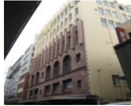
DJs former Coles_rear elevation_16 Jan 08
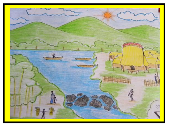
The Vinh Son artists focus their creativity on scenes of village life and natural surroundings
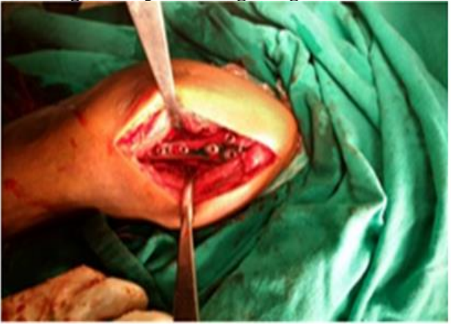
Fig. 4: Fracture fixation with plate in-situ
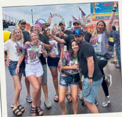
Best Summer Ever!

Tag Northern Wisconsin State Fair in your photos online for the opportunity for your memories to be shared in upcoming promotions!
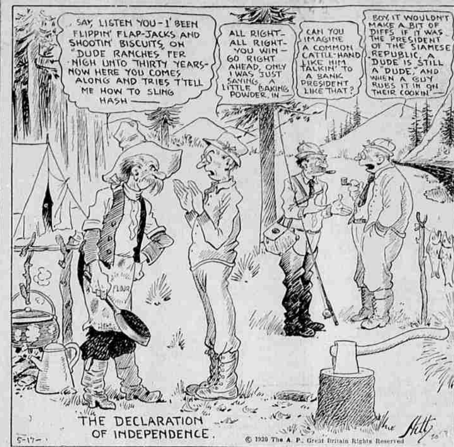
THE DECLARATION OF INDEPENDENCE.
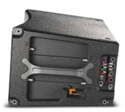
Practical aluminium handle

The MYRA 214L is Bi-Amped through a NEUTRIK NL4M connectors, one channel for LF and one for the MID/HF with internal passive crossover. The lowest octave of the Myra system is seamlessly reproduced by the companion 218S, a reflexloaded dual 18-inch subwoofer with custom designed, long excursion B&C woofers. Combining accurate cabinet resonance study and ingenious port arrangement which is designed to reduce turbulence and eliminate non-linearity, MYRA 218S delivers substantial low frequency energy down to 25Hz and can offer standard or cardioid directivity with suitable DSP preset and physical deployment. As with the 214L mid/high enclosure, the 218S cabinet benefits from premium Baltic plywood construction and to ensure long term road-worthiness and all-weather resistance, is protected by a durable polyurea coating. A two-point rigging system is flush-mounted into the cabinet, allowing the suspension up to 12 enclosures with a 4:1 safety factor. Trucking and handling are made easy by the eight comfortable, ergonomically placed rubber gripped aluminium bar handles, along with removable heavy-duty casters.
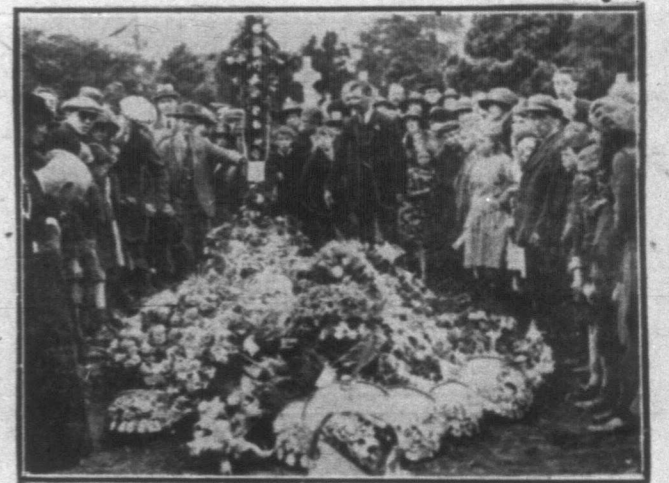
Arthur Griffith's grave in Glasnevin Cemetery, Dublin.
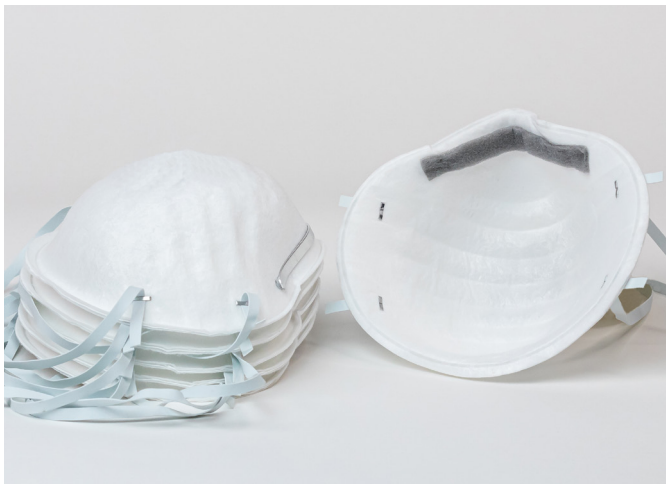
At DAFA, we develop, manufacture and supply nose pads for masks in close cooperation with our customers. Our years of experience within the industry, combined with our broad range of solutions for masks, make us a trusted and versatile partner
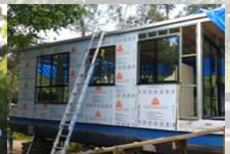
Side panels going on
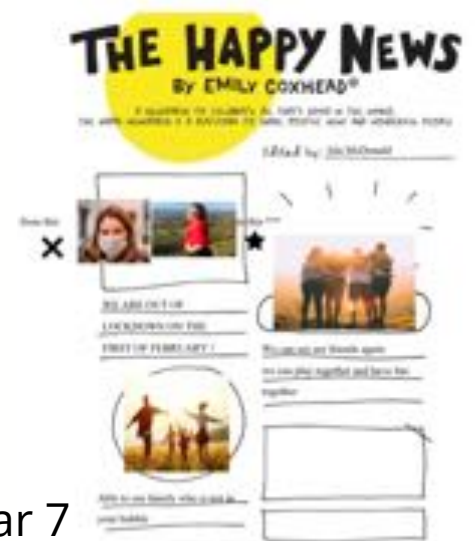
Isla, year 7
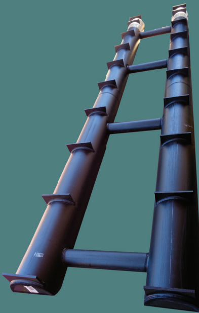
630mm x 10mtr Double Float Fabricated to Drawing Specs
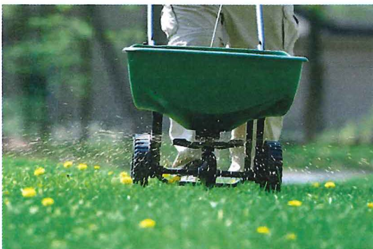
Fertilize once in the fall and once in the spring.

To reduce nutrients, fertilize just twice a year; once in the fall and once in the spring. Prevent algal growth by using a fertilizer with 0% Phosphorous (our Florida soil is naturally rich in Phosphorous so anything we add is already excess). Avoid fertilizing within 10 feet of any water body. Mulching grass clippings back into your yard should provide the needed nutrients to eliminate one fertilizer application. Never leave grass clippings in the street where they can wash to nearby water bodies and promote algal growth.
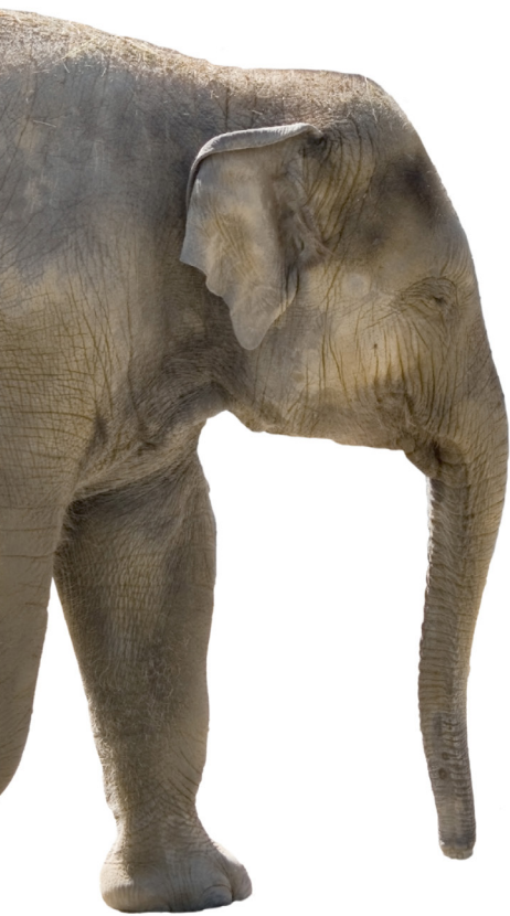
Figure 1: Monitoring the Wealth & Health of Populations using the Living Planet Index (LPI)
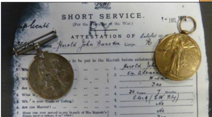
Tasker Milward V.C. School
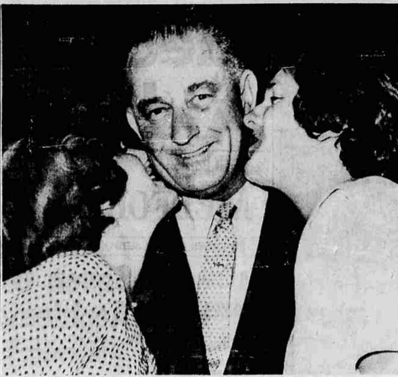
B-DAY FOR LBJ—The Senate took a half-hour recess Saturday for a surprise birthday party for Sen. Lyndon B. Johnson. The majority leader and Democratic vice presidential candidate is 52. His daughters, Lucy Baines (left) and Lynda Bird, congratulate their dad.
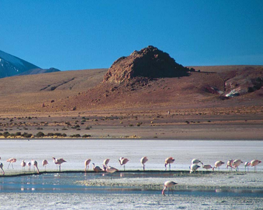
Flamingos, Salar de Uyuni
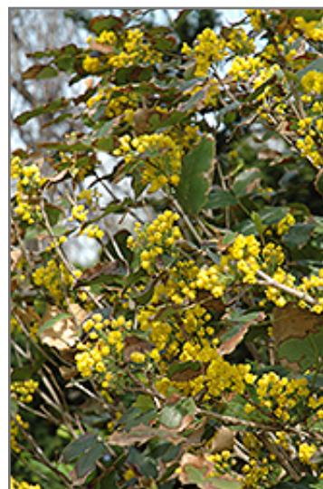
New Market Oregon Grape flowers

New Market Oregon Grape is recommended for the following landscape applications;
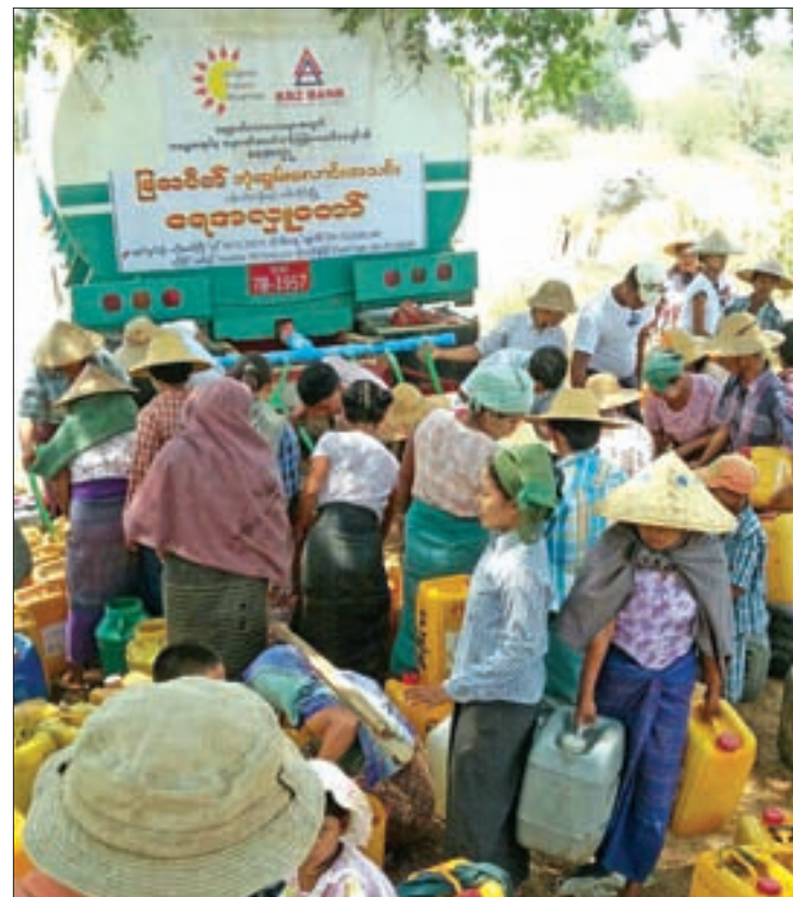
People collect drinking water from a water bowser of Brighter Future Myanmar.

has supplied more than 172,800 gallons of drinking water to people in villages in Sagaing in cooperation with local volunteers. The foundation has also supplied drinking water to people in villages in Yangon Region, Taunggyi, Nyaung Shwe, Magwe, Chin State, Haka, Ealam, Mandalay, Myittha, Kume, Natogyi and Kyaukse from early April to date. As part of its efforts to combat water scarcity problems, KBZ's Brighter Future Myanmar foundation has asked communities currently facing drought and/or a scarcity of fresh water to contact the foundation and arrange for fresh potable water to be delivered.—Thiha Tun
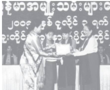
An official presents prize to an outstanding woman.
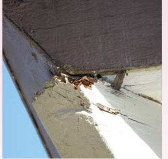
Dry Rot at Pool House
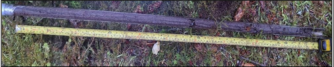
Peat Auger 03 0 – 1.0m
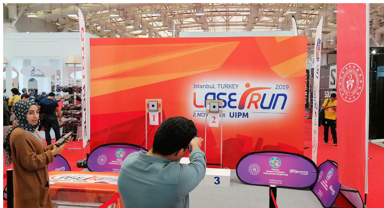
Men and women try their hand at laser shooting during the GLRCT at the Istanbul Marathon sporting festival

Across the four days of the Istanbul Marathon sporting festival, thousands of people attended a booth run by the Turkish Modern Pentathlon Federation (TMPF), learning about the UIPM Sports movement and trying laser shooting.
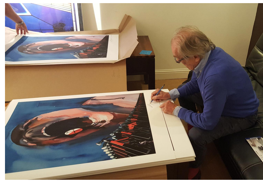
Gerald Scarfe in SFAE signing the brand new limited editions

In this exhibition is featured one of Gerald Scarfe's paintings (among others) titled The Giant Judge and Marching Hammers created in the process of conceptualizing the film, and which captures the intense emotional environment for the main character Pink. This painting is also available for acquisition through SFAE - please contact us for details.
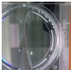
DI WATER NO SEEDS

I'm leaning towards doing this trial for 2 more days because all the seeds are at/approaching max germination. Beyond day 15 I'll keep my eye on the D2O sample to see if there is any sprouting, but it looks like it is becoming a race against evaporation.
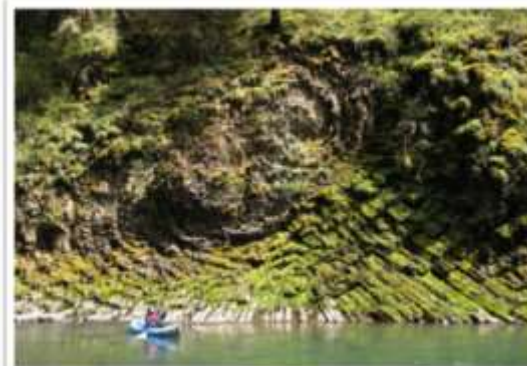
The amazing basalt rosette on the Molalla.

All but about one mile of the waterway is already in public ownership. It is managed by the federal Bureau of Land Management and is known as the
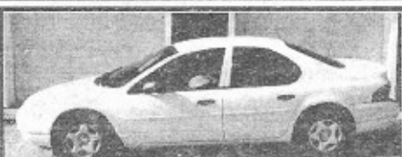
97 Dodge Stratus, auto, runs great Only $699 down*

LENOIR CITY AUTO SALES • 986-4411 • LENOIR CITY AUTO SALES • 986-4411 • LENOIR CITY AUTO SALES • 986-4411 • LENOIR CITY AUTO SALES • 986-4411 • LENOIR CITY AUTO SALES • 986-4411
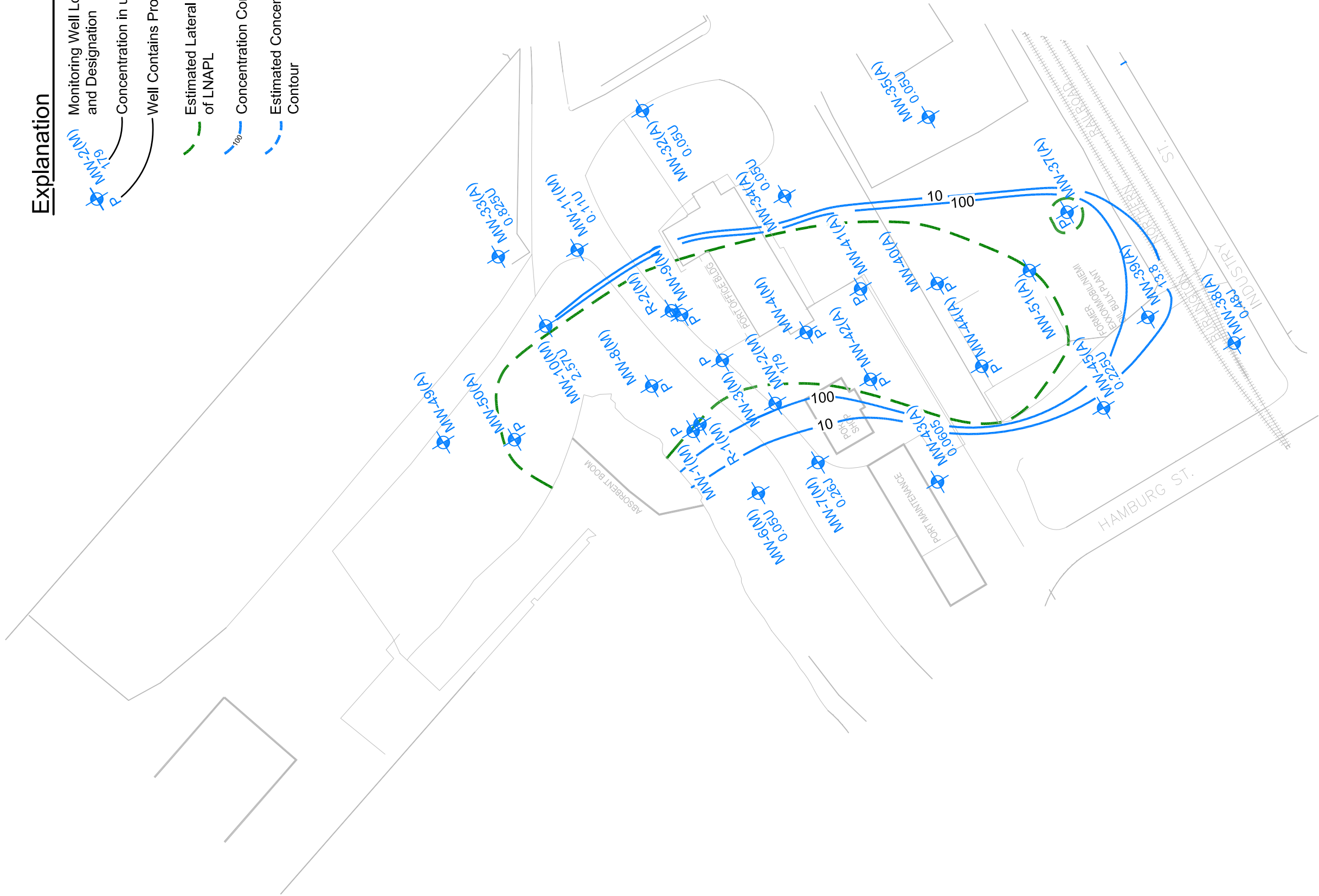
Key Plan - AOC 4

WORK TO BE COMPLETED → Write out each entry above once more, exactly as written, and drop the pictures.

ANSWER TO THE EXERCISE →
DJs former Coles_rear elevation_16 Jan 08
The Vinh Son artists focus their creativity on scenes of village life and natural surroundings
Fig. 4: Fracture fixation with plate in-situ
Best Summer Ever!

Tag Northern Wisconsin State Fair in your photos online for the opportunity for your memories to be shared in upcoming promotions!
THE DECLARATION OF INDEPENDENCE.
Practical aluminium handle

The MYRA 214L is Bi-Amped through a NEUTRIK NL4M connectors, one channel for LF and one for the MID/HF with internal passive crossover. The lowest octave of the Myra system is seamlessly reproduced by the companion 218S, a reflexloaded dual 18-inch subwoofer with custom designed, long excursion B&C woofers. Combining accurate cabinet resonance study and ingenious port arrangement which is designed to reduce turbulence and eliminate non-linearity, MYRA 218S delivers substantial low frequency energy down to 25Hz and can offer standard or cardioid directivity with suitable DSP preset and physical deployment. As with the 214L mid/high enclosure, the 218S cabinet benefits from premium Baltic plywood construction and to ensure long term road-worthiness and all-weather resistance, is protected by a durable polyurea coating. A two-point rigging system is flush-mounted into the cabinet, allowing the suspension up to 12 enclosures with a 4:1 safety factor. Trucking and handling are made easy by the eight comfortable, ergonomically placed rubber gripped aluminium bar handles, along with removable heavy-duty casters.
Arthur Griffith's grave in Glasnevin Cemetery, Dublin.
At DAFA, we develop, manufacture and supply nose pads for masks in close cooperation with our customers. Our years of experience within the industry, combined with our broad range of solutions for masks, make us a trusted and versatile partner
Side panels going on
Isla, year 7
630mm x 10mtr Double Float Fabricated to Drawing Specs
Fertilize once in the fall and once in the spring.

To reduce nutrients, fertilize just twice a year; once in the fall and once in the spring. Prevent algal growth by using a fertilizer with 0% Phosphorous (our Florida soil is naturally rich in Phosphorous so anything we add is already excess). Avoid fertilizing within 10 feet of any water body. Mulching grass clippings back into your yard should provide the needed nutrients to eliminate one fertilizer application. Never leave grass clippings in the street where they can wash to nearby water bodies and promote algal growth.
Figure 1: Monitoring the Wealth & Health of Populations using the Living Planet Index (LPI)
Tasker Milward V.C. School
B-DAY FOR LBJ—The Senate took a half-hour recess Saturday for a surprise birthday party for Sen. Lyndon B. Johnson. The majority leader and Democratic vice presidential candidate is 52. His daughters, Lucy Baines (left) and Lynda Bird, congratulate their dad.
Flamingos, Salar de Uyuni
New Market Oregon Grape flowers

New Market Oregon Grape is recommended for the following landscape applications;
People collect drinking water from a water bowser of Brighter Future Myanmar.

has supplied more than 172,800 gallons of drinking water to people in villages in Sagaing in cooperation with local volunteers. The foundation has also supplied drinking water to people in villages in Yangon Region, Taunggyi, Nyaung Shwe, Magwe, Chin State, Haka, Ealam, Mandalay, Myittha, Kume, Natogyi and Kyaukse from early April to date. As part of its efforts to combat water scarcity problems, KBZ's Brighter Future Myanmar foundation has asked communities currently facing drought and/or a scarcity of fresh water to contact the foundation and arrange for fresh potable water to be delivered.—Thiha Tun
An official presents prize to an outstanding woman.
Dry Rot at Pool House
Peat Auger 03 0 – 1.0m
Men and women try their hand at laser shooting during the GLRCT at the Istanbul Marathon sporting festival

Across the four days of the Istanbul Marathon sporting festival, thousands of people attended a booth run by the Turkish Modern Pentathlon Federation (TMPF), learning about the UIPM Sports movement and trying laser shooting.
Gerald Scarfe in SFAE signing the brand new limited editions

In this exhibition is featured one of Gerald Scarfe's paintings (among others) titled The Giant Judge and Marching Hammers created in the process of conceptualizing the film, and which captures the intense emotional environment for the main character Pink. This painting is also available for acquisition through SFAE - please contact us for details.
DI WATER NO SEEDS

I'm leaning towards doing this trial for 2 more days because all the seeds are at/approaching max germination. Beyond day 15 I'll keep my eye on the D2O sample to see if there is any sprouting, but it looks like it is becoming a race against evaporation.
The amazing basalt rosette on the Molalla.

All but about one mile of the waterway is already in public ownership. It is managed by the federal Bureau of Land Management and is known as the
97 Dodge Stratus, auto, runs great Only $699 down*

LENOIR CITY AUTO SALES • 986-4411 • LENOIR CITY AUTO SALES • 986-4411 • LENOIR CITY AUTO SALES • 986-4411 • LENOIR CITY AUTO SALES • 986-4411 • LENOIR CITY AUTO SALES • 986-4411
Key Plan - AOC 4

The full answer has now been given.